KIN STORIES | RESOURCES
Family: The Role of the Father
The important role of fathers in the family and the community can hardly be overemphasized. Regardless of the fact that many traditional familial norms are being questioned in our day – even uprooted – fathers remain an indisputably essential factor in the formation of a healthy society. In South Africa there is a growing need for exactly that – fathers who fulfill their role. We are fatherless nation.
Countless studies have shown the role that fathers play, firstly in the development of children, but also in the welfare of mothers. Children with fathers who are present are found to achieve better academically. According to Heartlines, “fatherless children are at a dramatically greater risk of drug and alcohol abuse, mental illness, suicide, poor educational performance, teen pregnancy, and criminality”.
For Christians the role of the father takes on even more significance. Jesus taught his disciples to address God as “Our Father” and in 1 John 3:3 the apostle writes:
See what kind of love the Father has given to us, that we should be called children of God; and so we are.
KIN Culture aims at creating a community where children experience the role of fathers being actively fulfilled. God has adopted us, people who once were orphaned, and called us sons. Let us do the same.
God is the ultimate father and longs to embrace us as children. We should therefore recognize that a father is a child’s first experience of God. Fathers are one of God’s most overt representatives to in everyday society. They represent a crucial aspect of God’s relation to people – his fatherhood. He longs, like a good father, to give people identity, protection and provision. Our most basic understanding of these concepts is derived from knowing our (or at least an) earthly father. We are much more naturally capable of embracing God as ‘Father’, if we have living examples of fatherhood in our communities.
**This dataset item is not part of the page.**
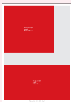
Tredjedel 1/3 3-spalt B122xH115 mm 4-spalt B163xH86 mm

Statistically South Africa has one of the highest rates of father absence in the world. Only 38% of South African fathers live with their children (Statistics South Africa 2012). Many fathers are in jail or indifferent. For South Africans, it is important to understand that all men are fathers. Even men who do not have children have been found to play important roles in the lives of children. KIN Culture aims at creating a community where children experience the role of fathers being actively fulfilled. God has adopted us, people who once were orphaned, and called us sons. Let us do the same.